A TOP Scottish university is to launch an innovative project to encourage secondary school pupils to see the benefits of research.

Strathclyde University, in Glasgow, is the only institution in Scotland to secure financial support from the UK Research Council (RCUK) for the initiative.

Academics and students from Strathclyde will work with teachers and pupils from three Glasgow secondary schools – Bellahouston Academy, Knightswood Secondary and Springburn Academy.

Professor Geri Smyth, from Strathclyde's School of Education, said: "We aim to increase young people's understanding of what research is because it is not always seen as relevant to pupils or the wider community. Research has an impact and an influence on everyone's daily lives."

Professor Tim Bedford, Strathclyde's associate deputy principal for research, added: "The new project will initially focus on staff and pupils from the partner schools working with academics and students from the university's computer and information sciences, engineering, education, history and English departments."

Stephen Curran, the council's executive member for education, said the project would help widen access. He added: "More and more Glasgow school- children are being accepted to universities and any project that makes this transition easier is to be welcomed and embraced."
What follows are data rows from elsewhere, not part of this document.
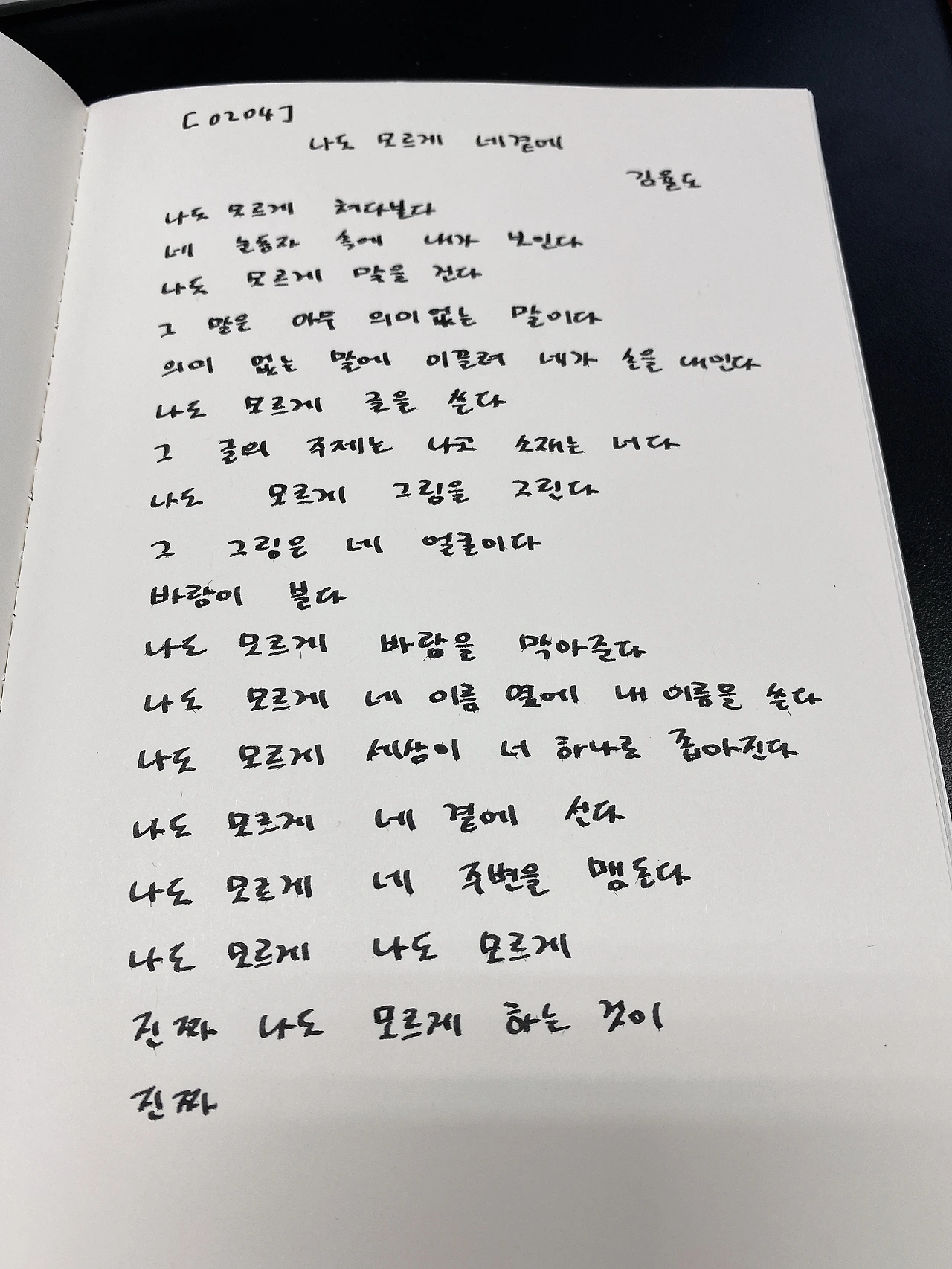 나도 모르게 네 이름 옆에 내 이름을 쓴다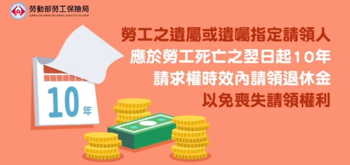 依照勞工退休金條例及相關函釋規定,勞工於請領退休金前死亡,其遺屬或遺囑指定請領人應於勞工死亡之翌日起10年內申請死...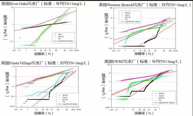 美國4座極限脫氮除磷污水廠出水氮指標的概率統計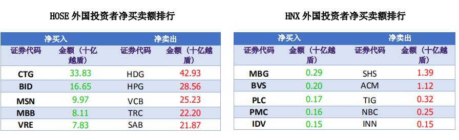 尽管市场上涨但外资仍持续净卖出。两市净卖出总额约1600亿越南盾。其中,卖盘集中于HDG(-413亿越南盾),HPG(-286亿越南盾),VCB(-252亿越南盾),TRC(-223亿越南盾)和SAB(-217亿越南盾)...
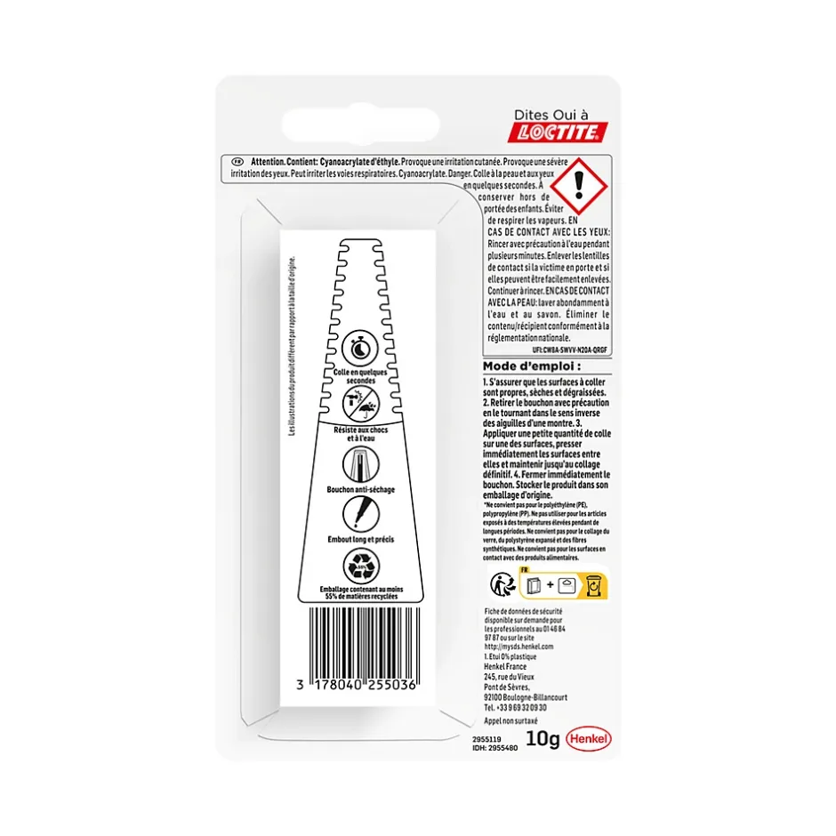 La colle polyvalente Loctite Super Glue-3 Précision : un collage précis grâce à son embout long ! Effectuer des travaux de réparations n’a jamais été aussi simple qu’avec la Super Glue-3 Précision de Loctite. Cette colle super forte convient à la plupart des matériaux* tels que la porcelaine, la céramique, les métaux, le plastique, le cuir, le caoutchouc, le bois, le carton, le papier, le tissu, etc. Résistante à l’eau et au lave-vaisselle, elle est idéale pour la réparation de vases, bibelots, bijoux fantaisie, prises électriques, semelles de chaussures, cadres et bien plus encore. Doté d’un embout long et précis, le flacon de colle permet une application précise goutte à goutte et d’accéder aux endroits difficiles. 1Ne convient pas pour le polyéthylène (PE), polypropylène (PP) et le polytétrafluoroéthylène (PTFE).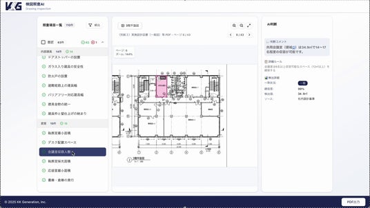 事前に設定された照査項目に基づき、AIが自動的に適合・不適合を判定。照査結果は一覧表示され、各照査結果に関しては、AIがどの箇所を読み取って判断したのかを図面上にハイライト表示。PDFへの出力も可能です。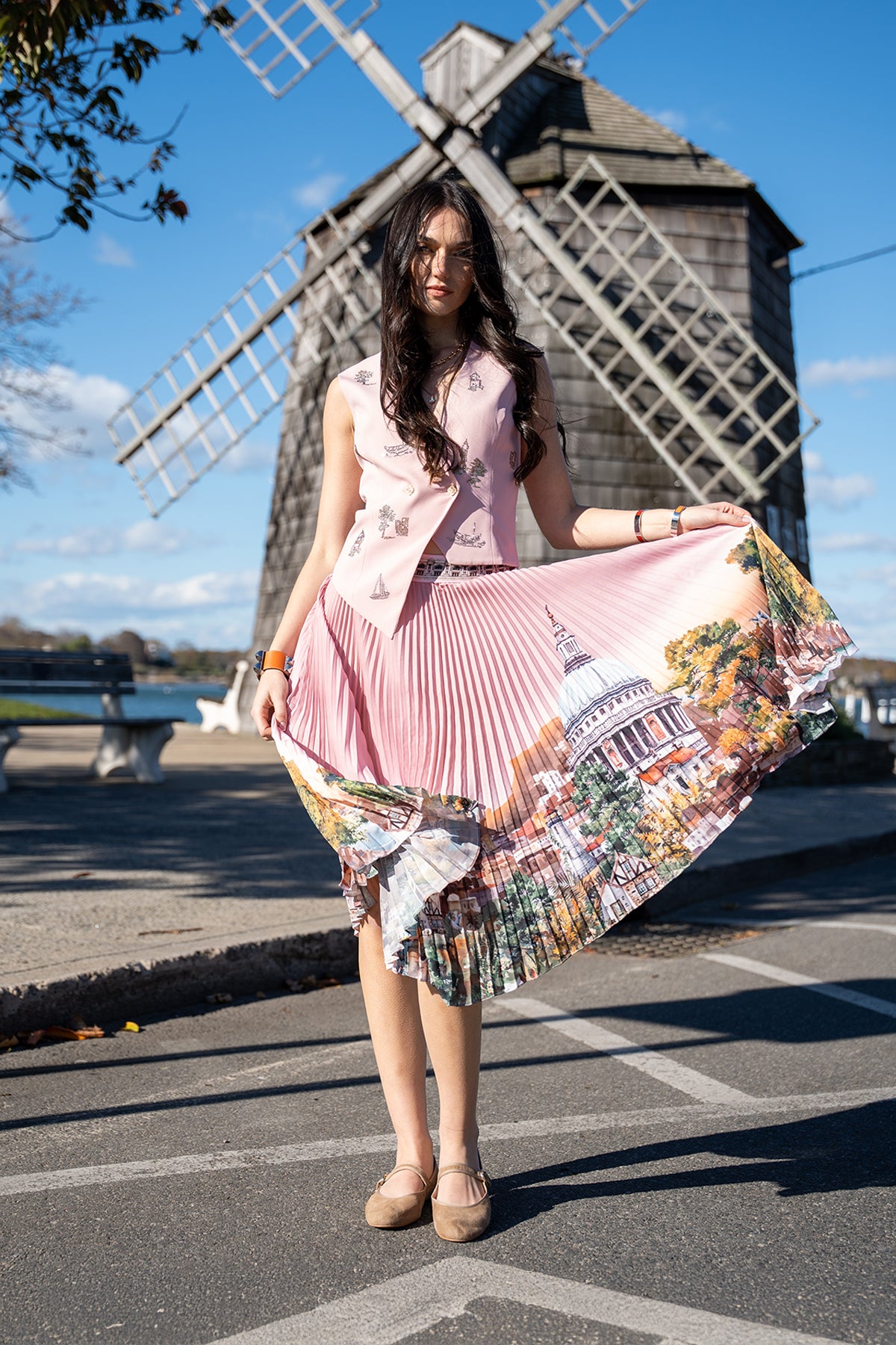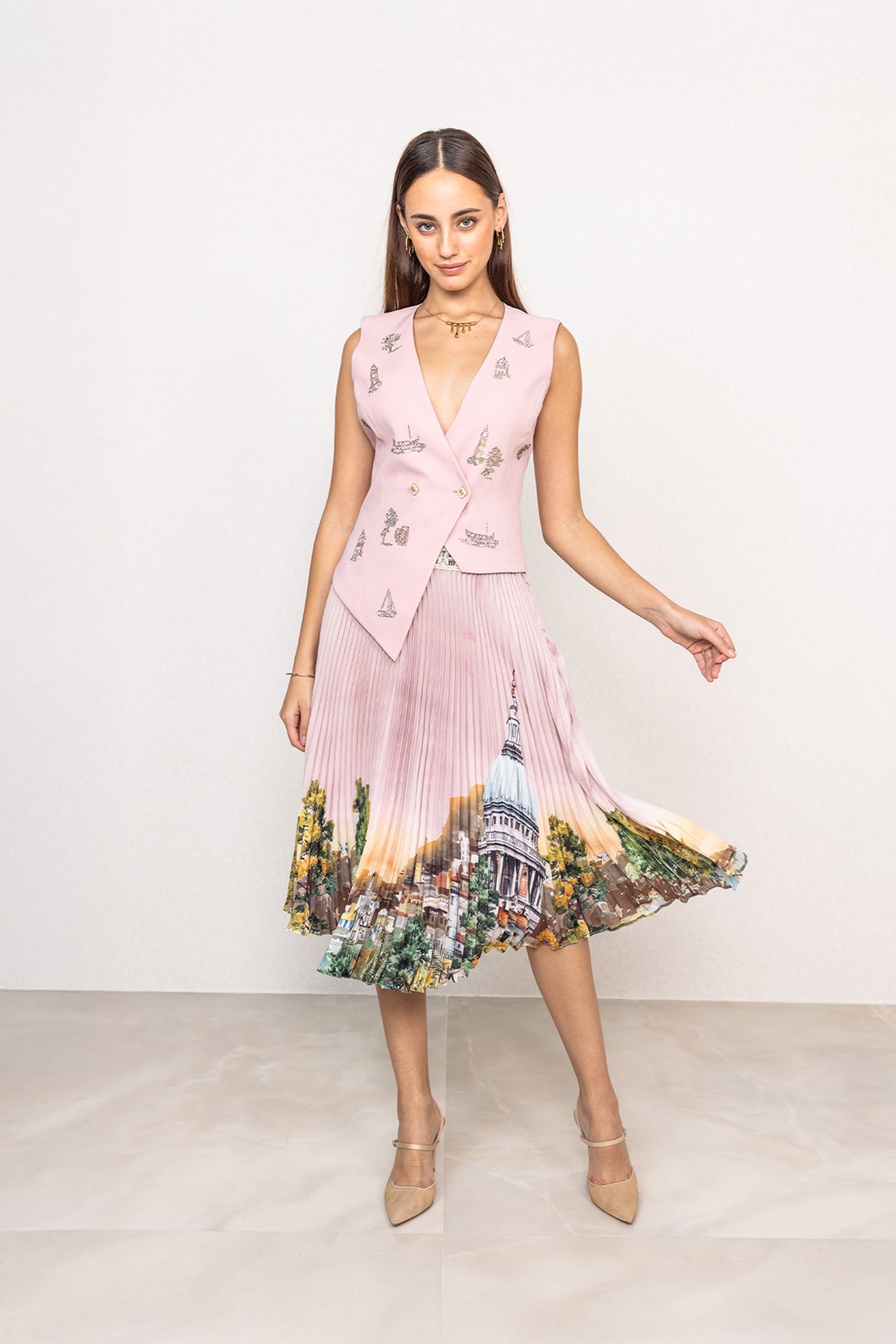 The Celara Asymmetric Skirt Sets, crafted in royal georgette, is a sleeveless piece shaped with a deep V-neckline and an angular front overlap. Finished in pink, it features subtle ROME artwork scattered across the fabric, inspired by city landmarks and fine line illustrations. The asymmetric hem adds a sharp edge, while the button detailing anchors the wrap-style construction. When worn, the waistcoat sits close to the body, offering a clean, structured fit with layered visual interest.

RCUK's Professor John Womersley said: "We aim to encourage quality inter-actions between students and researchers in a broad range of disciplines."

In a separate move, students from Strathclyde University's Business School helped develop a project to encourage youngsters from deprived backgrounds apply for courses.

High achieving pupils from a number of Glasgow schools have been invited to the business school to experience university life.